→ Data segment
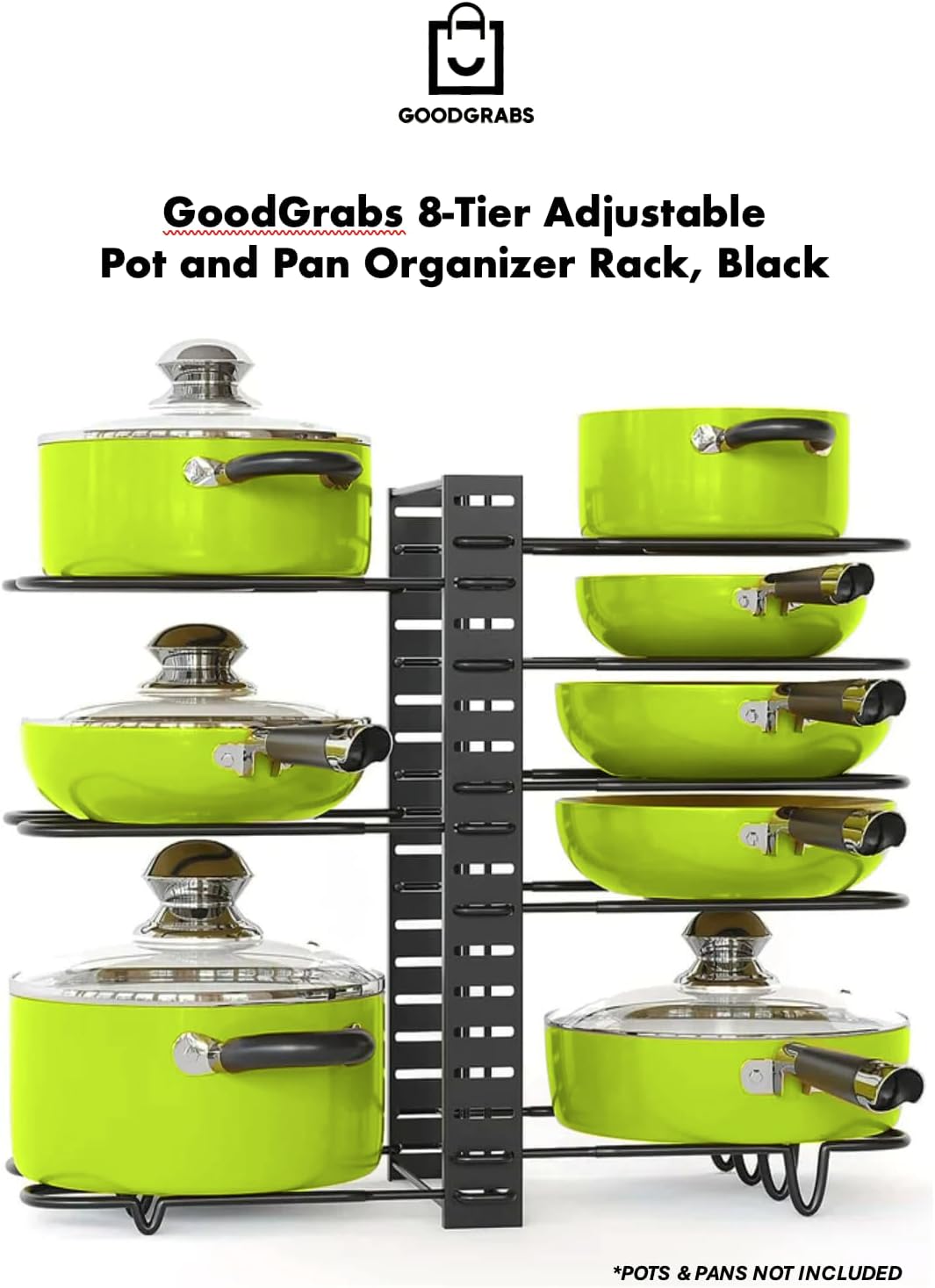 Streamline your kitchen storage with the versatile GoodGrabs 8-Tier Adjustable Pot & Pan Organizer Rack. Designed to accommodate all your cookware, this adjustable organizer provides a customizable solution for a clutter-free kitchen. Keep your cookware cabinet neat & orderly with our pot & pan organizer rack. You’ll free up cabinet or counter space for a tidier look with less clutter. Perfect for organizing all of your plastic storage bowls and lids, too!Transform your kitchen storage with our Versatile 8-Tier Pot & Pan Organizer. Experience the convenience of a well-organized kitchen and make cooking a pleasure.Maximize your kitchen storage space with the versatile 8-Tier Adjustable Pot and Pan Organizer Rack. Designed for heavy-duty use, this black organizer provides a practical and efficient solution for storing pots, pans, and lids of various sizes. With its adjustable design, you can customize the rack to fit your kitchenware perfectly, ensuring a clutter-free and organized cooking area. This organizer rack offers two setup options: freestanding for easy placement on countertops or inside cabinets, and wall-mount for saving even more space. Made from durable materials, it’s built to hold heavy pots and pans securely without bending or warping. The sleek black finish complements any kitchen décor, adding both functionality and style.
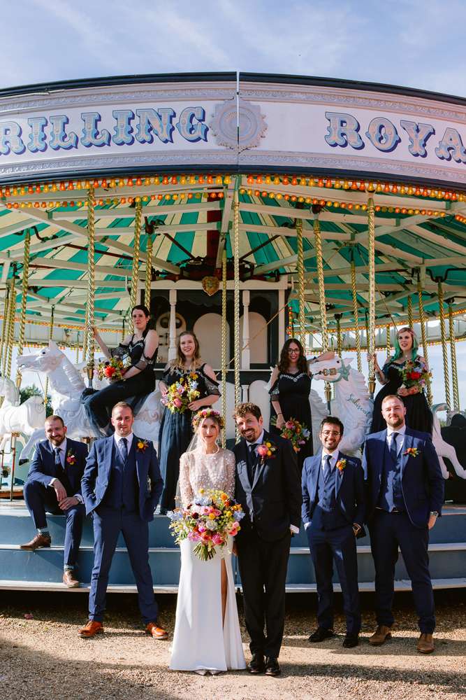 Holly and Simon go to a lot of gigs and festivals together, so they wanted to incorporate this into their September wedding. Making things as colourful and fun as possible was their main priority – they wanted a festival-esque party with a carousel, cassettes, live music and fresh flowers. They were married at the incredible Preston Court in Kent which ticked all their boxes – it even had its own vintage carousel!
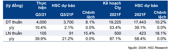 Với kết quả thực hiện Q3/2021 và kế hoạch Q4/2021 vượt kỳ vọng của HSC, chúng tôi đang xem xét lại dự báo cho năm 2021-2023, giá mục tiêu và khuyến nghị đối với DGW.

→ Directions
Each line from the one that contains "Holly and Simon" to the end of the listing must be quoted exactly; no other line and no picture belongs in the copy.

→ Exercise response
 Holly and Simon go to a lot of gigs and festivals together, so they wanted to incorporate this into their September wedding. Making things as colourful and fun as possible was their main priority – they wanted a festival-esque party with a carousel, cassettes, live music and fresh flowers. They were married at the incredible Preston Court in Kent which ticked all their boxes – it even had its own vintage carousel!
 Với kết quả thực hiện Q3/2021 và kế hoạch Q4/2021 vượt kỳ vọng của HSC, chúng tôi đang xem xét lại dự báo cho năm 2021-2023, giá mục tiêu và khuyến nghị đối với DGW.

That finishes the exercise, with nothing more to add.